Ex parte orders, when granted, are entered without notice to the other party. They are, by their nature, emergency motions.
Once entered, you should receive a copy of the order, which has notice requirement language explaining how to object. Without going too far into the logistics, you need to timely file an objection and notice it with the court for a hearing date, then serve the other party with that notice.
I'm not sure what you mean by "motion for hearing dismissed by Plaintiff"; a party doesn't dismiss motions. If the court is saying that the motion now comes too late, you may need to file a different motion explaining the delay (i.e., never received order). BUT, before you go down that road, every party in a family case has an obligation to have their proper address on file. If you moved and did not notify the Friend of the Court, and the order was sent to some other address, the fault lies with you on that.

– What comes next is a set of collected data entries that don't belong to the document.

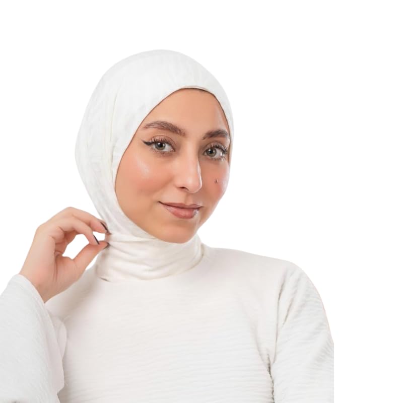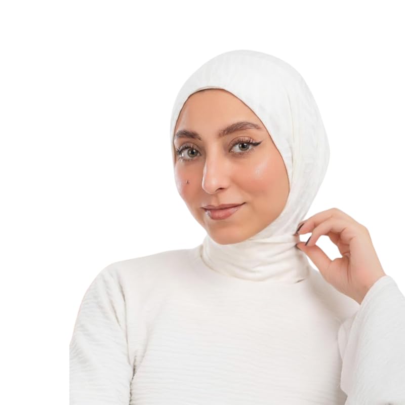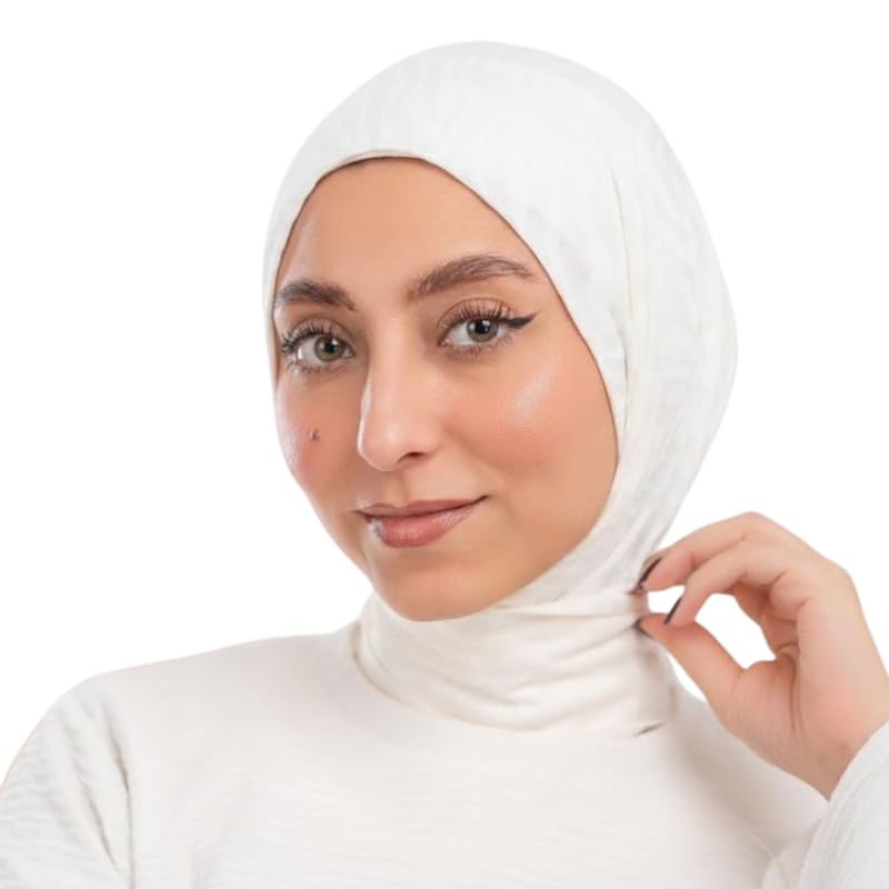 Farah - فرح حجاب ليكرا تابايا زيبرا جاكار مع كابسين مقاوم للصدا للنساء، اوف وايت، مقاس واحد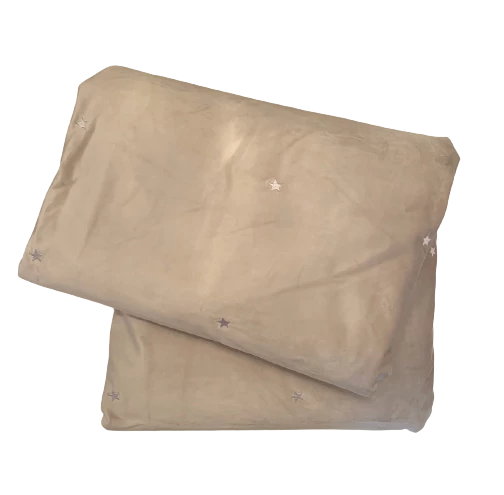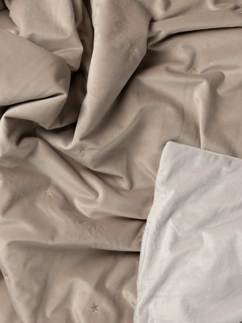 Add a little luxury to your bed, sofa or chair with our chunky, super soft velvet throw. Perfect for cosying up on those cold winter evenings. On one side this beautiful throw features a delicate silver embroidered star on a silky soft dusky pink/nude velvet. The reverse of the throw features a paler nude velvet.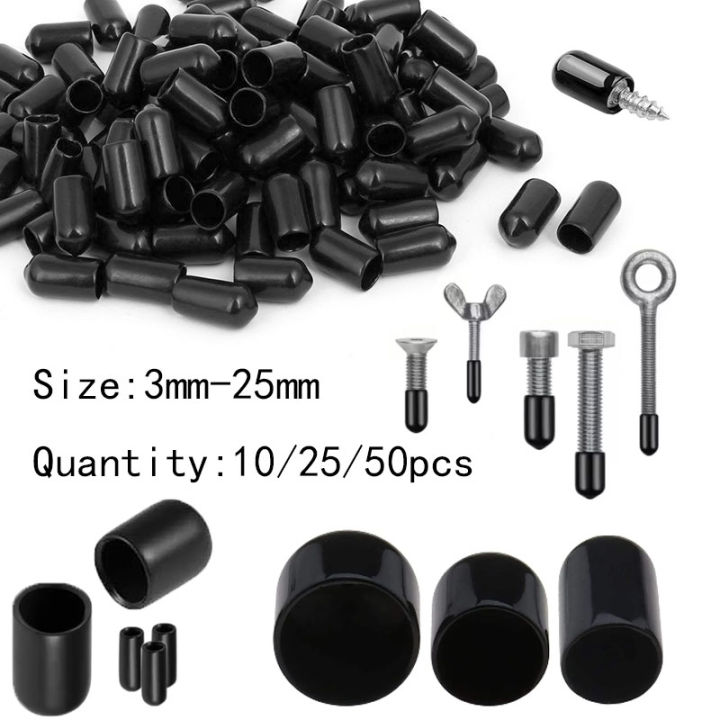 10-50pcs Threaded End Caps, 3-25mm PVC Rubber Pipe Cap, Screw Protector for Plastic Tube Steel Hub, Push-in Plug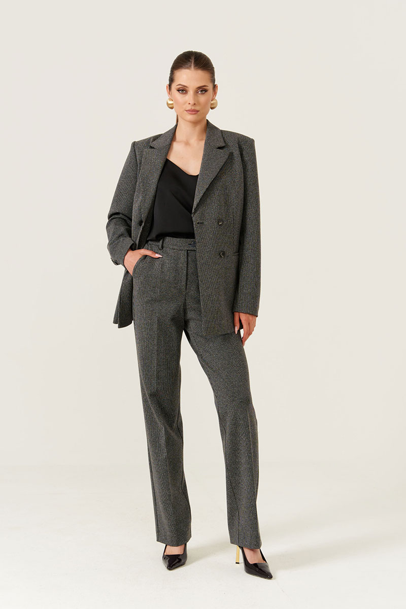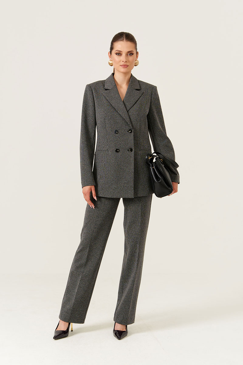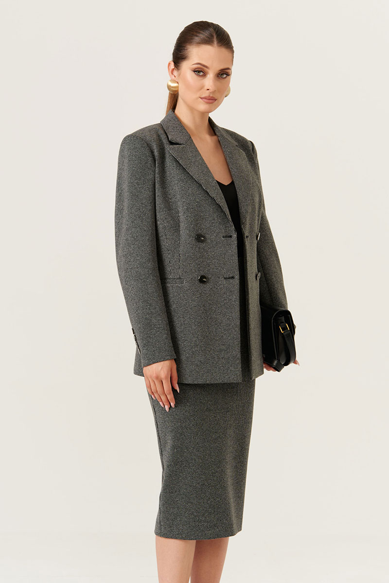 Жакет женский из смесового трикотажного полотна для повседневной носки. Жакет полуприлегающего силуэта. Застежка центральная бортовая на одну обметанную петлю и одну пуговицу. Перед имеет две талиевые вытачки и рельефы, идущие от проймы до линии низа изделия, а также на переде располагается два прорезных кармана с листочкой. Спинка со средним швом и четырьмя рельефами. Рельефы, идущие от плечевого шва и от проймы до низа изделия. Горловина V-образная, обработана воротником стойкой. Рукава втачные длинные. По низу рукава имеется декоративная шлица на обметанные петли и пуговицы. Жакет имеет поливискозную подкладку по переду. Очень стильный жакет, который обязательно не оставит никого равнодушным. В нем вы сможете чувствовать себя модной, а главное очень красивой.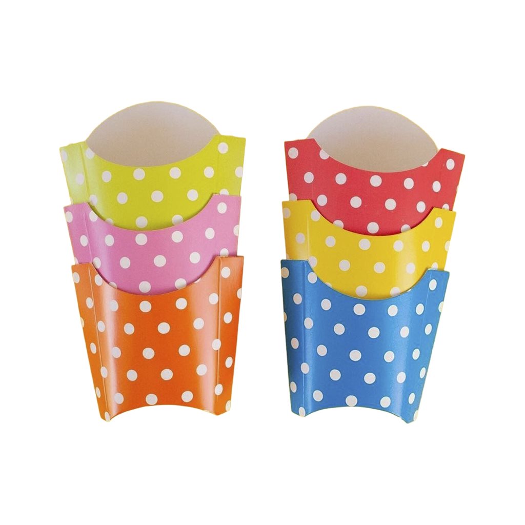 ESTUCHES PARA PAPAS FRITAS COLOR C/LUNARES SURT x50

An ex parte order is entered without a hearing and used if there's a potential for irreparable harm if an immediate order is not entered. However you must receive notice of the ex parte order and a proof of service must be entered with the court in order for it to be enforceable. You would have 14 days to object to the order after you are served. If you are not served, the order is technically not enforceable since you have not gotten notice.
If you are served and no objection is filed within 14 days, the order automatically becomes an order of the court.